На следующий день Константин Иванович проснулся в семь часов и в одном белье подошёл к открытому окну. Запах цветов, хвои и неуловимая, носившаяся в воздухе, влага — ласкали грудь. Перед самым окном росли две американских ёлочки, и на их бледно-зелёных иглах сверкали капли росы. Кричали воробьи. Где-то во дворе бабий тоненький голос сзывал цыплят.

Через пять минут Константин Ивановичу стало холодно, и он, переступив с ноги на ногу, захлопнул окно.

— Ну, какого чёрта так стучать, — проговорил Кальнишевский, подымая с подушки своё заспанное лицо. — Уж эти мне увлекающиеся господа, требуют покоя, а сами никому его не дают.

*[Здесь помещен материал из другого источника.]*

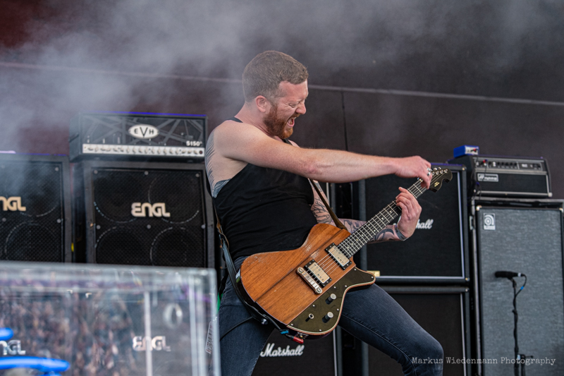 The show of the next band could become the header of ‘Münster, part two’. After Zodiak played already earlier today it is Long Distance Calling with their post-rock bringing a new genre to the table. Usually instrumental music is something made for smaller venues but Long Distance Calling rocks Gelsenkirchen and the 7.500 metalheads at Amphitheater. Contrary to the recent ‚Sounds and Seats‘-tour it‘s today the special festival atmosphere being the scenery for an hour of excellent Rock music. Loud guitars, an excellent groove and great sound make this hour to one of the highlights and it was loudly cheering fans that gave this set the vibe Long Distance Calling and their music deserves.
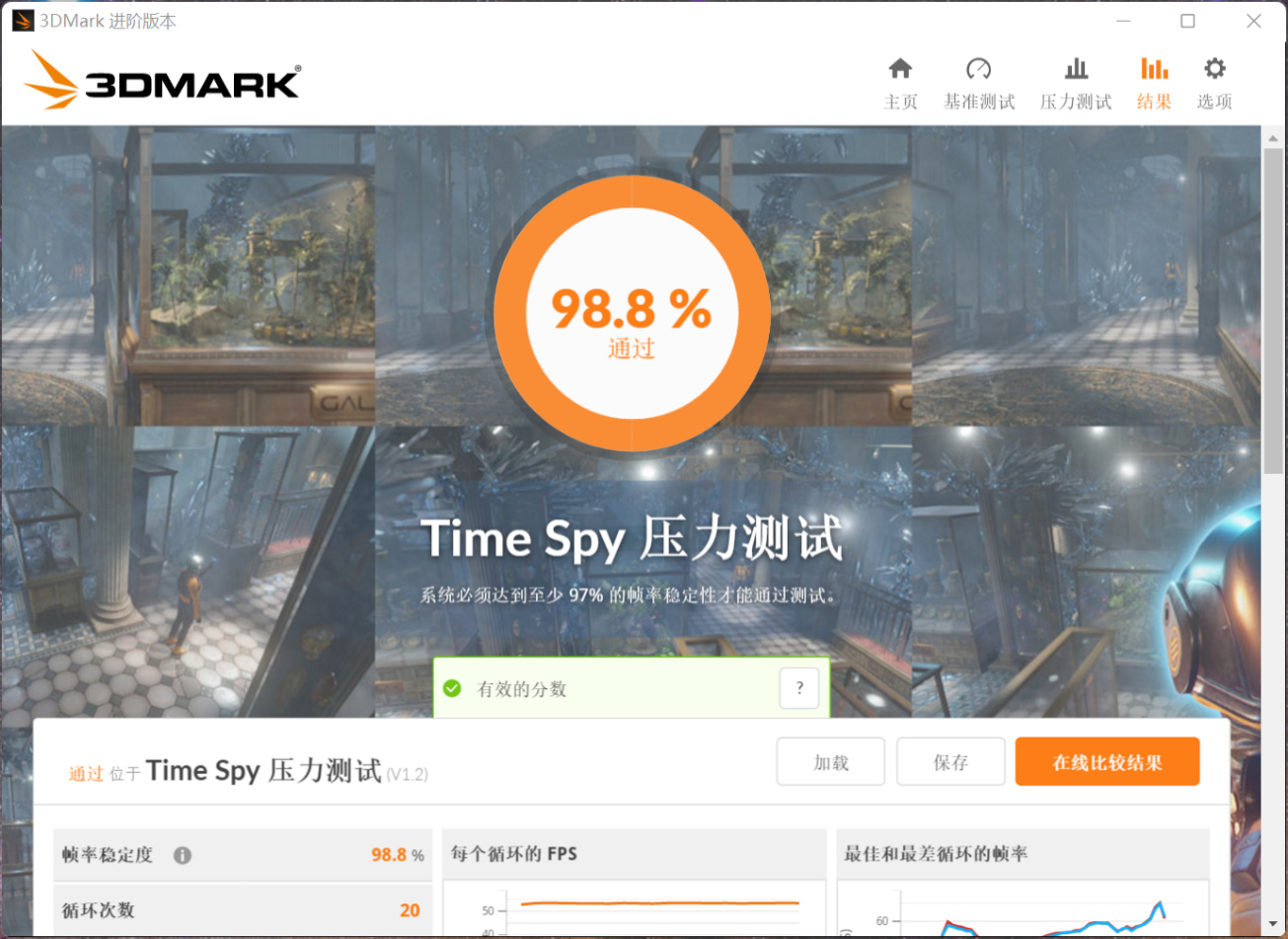 这块卡入手检测还不错,压力测试98.8%,超过了97%,20个循环2次降频,显卡没什么大问题。
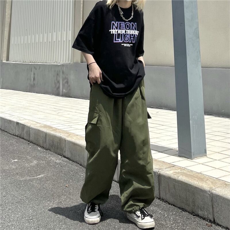 オータムスタイルブラックカジュアルパンツ ルーズハイウェストウェスト薄手 秋物 Brother_is_Style6329263653
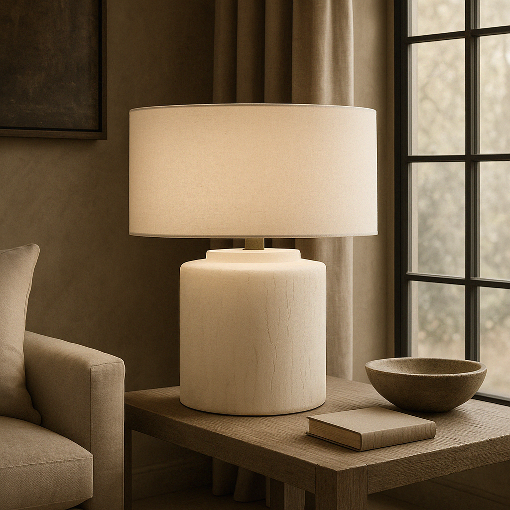 Bring a touch of luminosity into your home with our Penelope White Textured Ceramic Table Lamp. Whether you're curled up with a book, seeking refuge from a summer storm, or starting your day before sunrise, this beautifully handcrafted lamp will be your companion, radiating light and uplifting your mood. The unique design features a ceramic base with a textured finish, and a simple yet elegant 100% cotton shade in off-white.
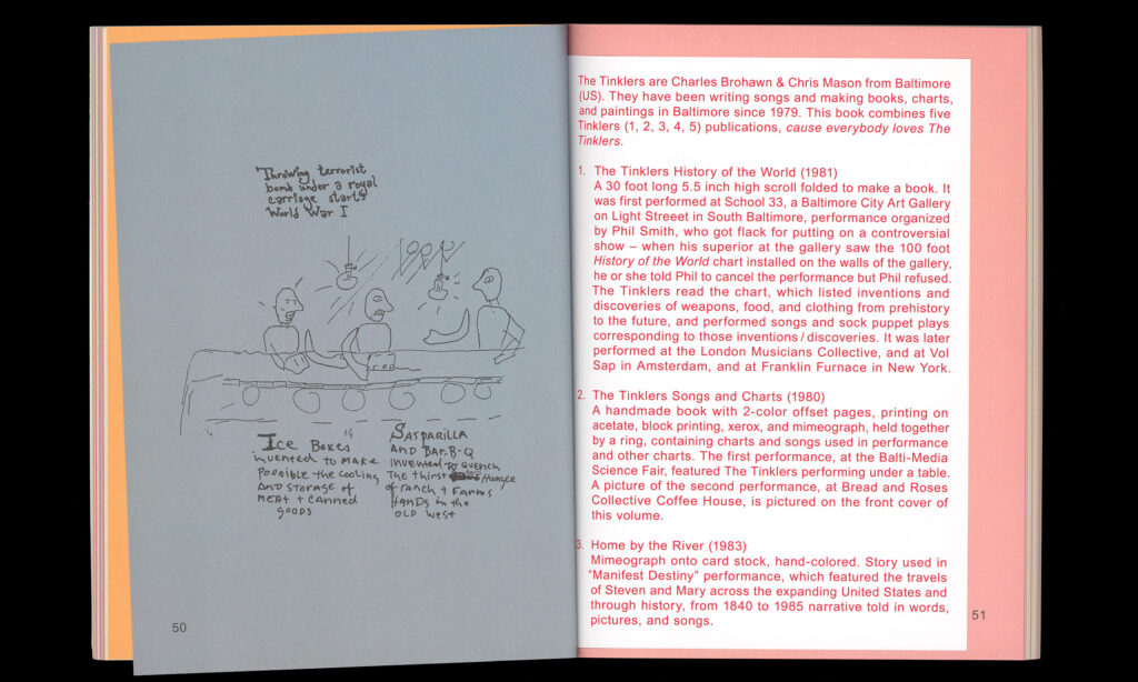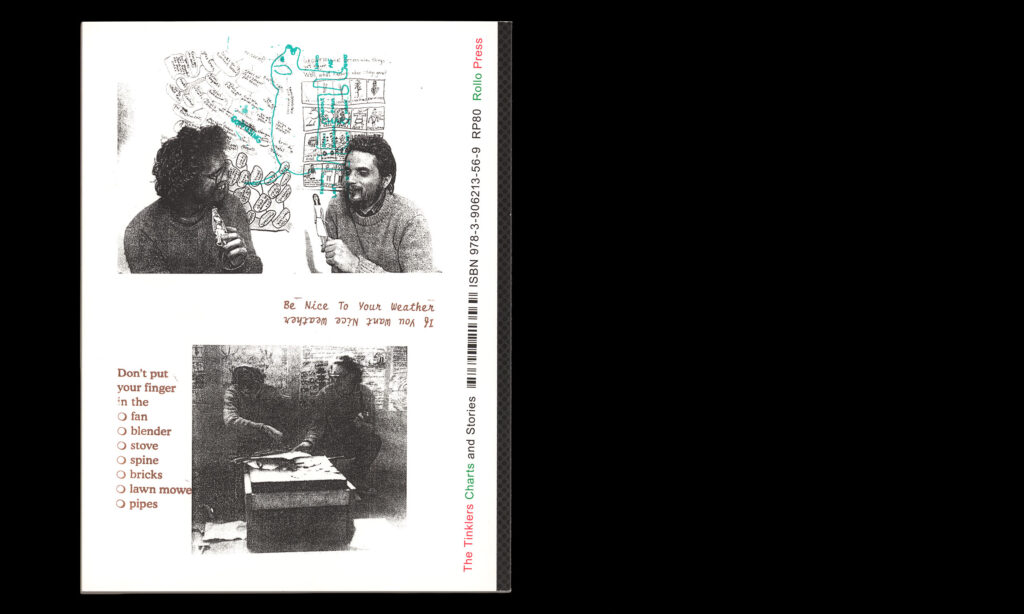 The Tinklers are Charles Brohawn & Chris Mason from Baltimore (US). They have been writing songs and making books, charts, and paintings in Baltimore since 1979. This book combines five Tinklers (1, 2, 3, 4, 5) publications, cause everybody loves The Tinklers.
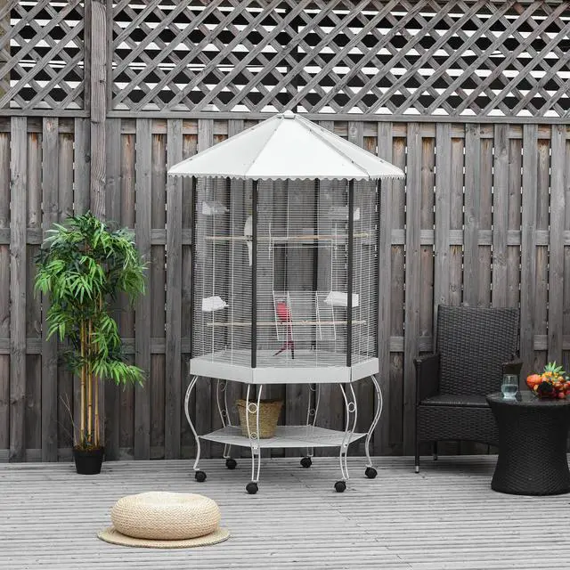 Give your birds a spacious, well-designed home with this Aosom indoor/outdoor aviary cage. It includes multiple feed boxes and wooden perches for perching and play. Two large front doors and a removable bottom tray allow easy access and quick cleaning. Made from durable iron with a pet-safe finish, the cage features 0.5" spaced metal wire to help prevent escapes and keep predators out. A metal stand with six rolling casters makes moving the cage easy.
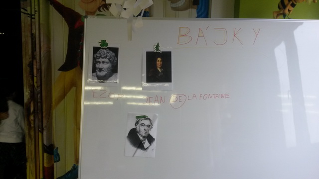 Tieto aj podobné mravné ponaučenia sme počúvali my – tretiaci (ježkovia a lienky) v krajskej knižnici. Naša vždy pozitívne naladená pani Ďuračíková nám prezentovala bájky. Už sme vedeli, že sa v nich zvyknú vyskytovať zvieracie postavy, že majú ľudské vlastnosti, že na záver je nejaké poučenie. Ale fotografie známych bájkarov a ich životné útrapy sme veru nepoznali. Tretiakov zaujal smutný osud Ezopa, ťažkosti Jeana De La Fontaineho či Alexandra Krylova. Dokonca aj ich portréty zaujali. Spoločne sme si prečítali dve Ezopove bájky o zvieratách. Deti mohli prejaviť svoje tvorivé vlastnosti v dopisovaní komiksu o Zajacovi a korytnačke. Dokonca na záver sme si jednu bájku aj pozreli. Samozrejme, deťom sa veľmi páčilo. Tak ako vždy. Ďakujeme 🙂
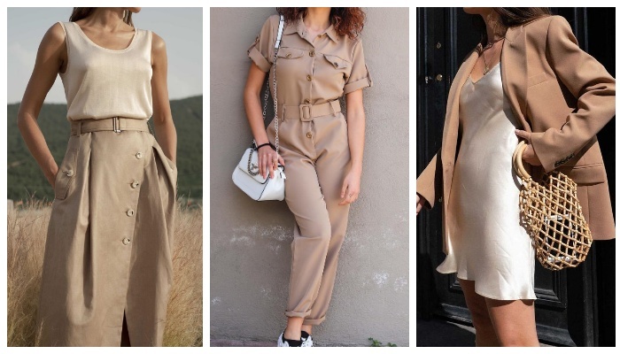 Бежевый цвет — это основа, которая должна быть в гардеробе каждой представительницы современной моды. Сейчас мы разберём несколько примеров того, как можно стильно одеться летом, выбрав одежду в бежевых оттенках. Первый летний образ представляет собой ансамбль, состоящий из сарафана на тонких бретелях в бежевой гамме, дополненного сандалиями на плоской подошве с изящными перемычками белого цвета. Завершает образ каркасный клатч с акцентными яркими деталями. В этом образе оверсайз бежевое платье-рубашка гармонично смотрится с черным ремнем, коричневыми сандалиями и кожаной плетеной сумкой. Бежевый монохром в летнее время года может выглядеть следующим образом: хлопковая майка в минималистичном исполнении + макси бежевая юбка на запах с выразительными пуговицами и карманами. На этот раз стильный аутфит получился благодаря сочетанию бежевого комбинезона с черно-белыми кроссовками и белым кожаным клатчем на длинной цепи. Еще один стильный образ, который подойдет на каждый день получился бл
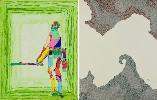 左:オーシャン「Time Got Away From Me 1(私から過ぎ去った時間)」 / 右:鳥山シュウ「つみかさなる」
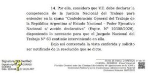 El dictamen fue firmado por el fiscal general ante la Cámara Contencioso Administrativo Federal, Rodrigo Cuesta, en el marco del conflicto de competencia abierto tras la sanción de la Ley 27.802. Allí, la CGT cuestiona la constitucionalidad de más de 80 artículos que modifican aspectos centrales del régimen laboral vigente.
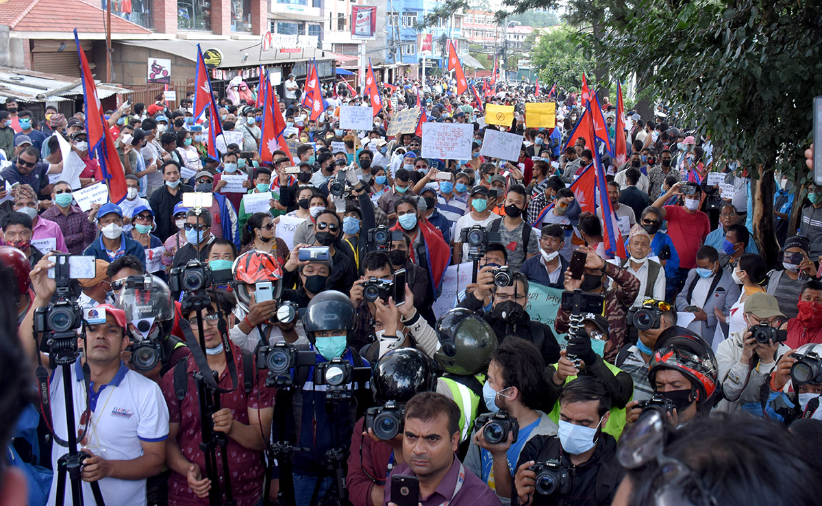 मुकुन्द कालिकोटे : काठमाडौं १३ आषाढ । माईतिघर मण्डलामा आज भएको संयुक्त आन्दोलनमा ज्ञानेन्द्र शाहीलाई राष्ट्रघातीबाट परिचालित छौंडाको आरोप लागेको छ । विभिन्न संघ–संस्थाहरु मिलेर गरिएको विरोध प्रदर्शनमा शाहीले एकलौटी कब्जा जमाएपछि शाहीलाई अन्य संघ–संस्थाका प्रदर्शनकारीहरुले शाहीलाई राष्ट्रघातीबाट परिचालित छौंडाको आरोप लगाएका हुन् ।
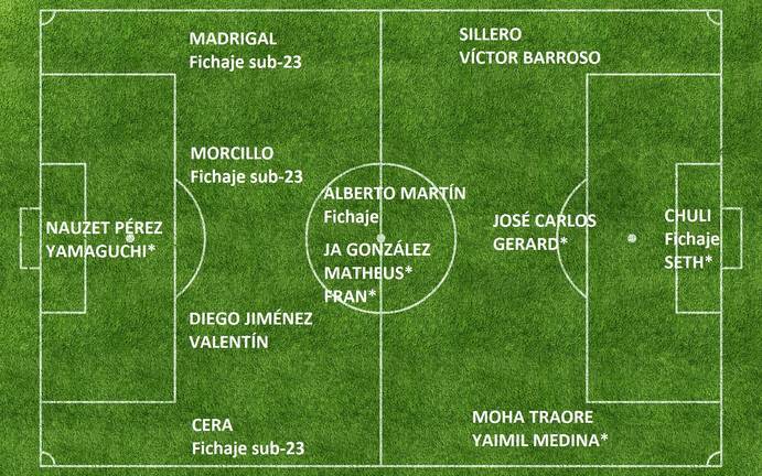 Cuando Nauzet Pérez y Yamaguchi levantan la mirada en los entrenos, únicamente están protegidos por Cera, Madrigal, Diego Jiménez, Morcillo, Jesús Valentín y Alberto Martín. Y sólo el puesto de central derecho está doblado, su bien, tanto Jiménez como Valentín se perfilan como titulares a poco que estén en forma. El resto de los integrantes de la plantilla son de corte ofensivo. Una circunstancia sorprendente a tenor de la fama de entrenador defensivo que arrastra Claudio Barragán.
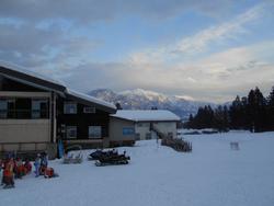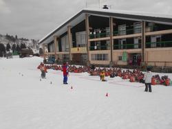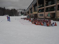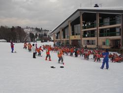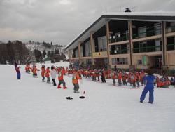 1日目のスキー講習が終わり、16:00から雪上レクが始まりました。雪玉を作り盛り上がっています。

— Во-первых, я не увлекающийся, а во-вторых, не ругайся.

— Я и не ру-га-а-юсь, — протянул Кальнишевский, зевая. — Ну, что ж, будем вставать?

Оба они быстро оделись, перекидываясь шутливыми фразами.

— А где у вас чай пьют? — спросил Константин Иванович.

— Тоже на балконе, но не раньше одиннадцати часов. После приезда сюда пили сначала в восемь, потом в девять, и довели чуть ли не до двенадцати, а обед в два, вот и выбирай тут время для занятий. Это всё твои девицы наделали, — любят поспать.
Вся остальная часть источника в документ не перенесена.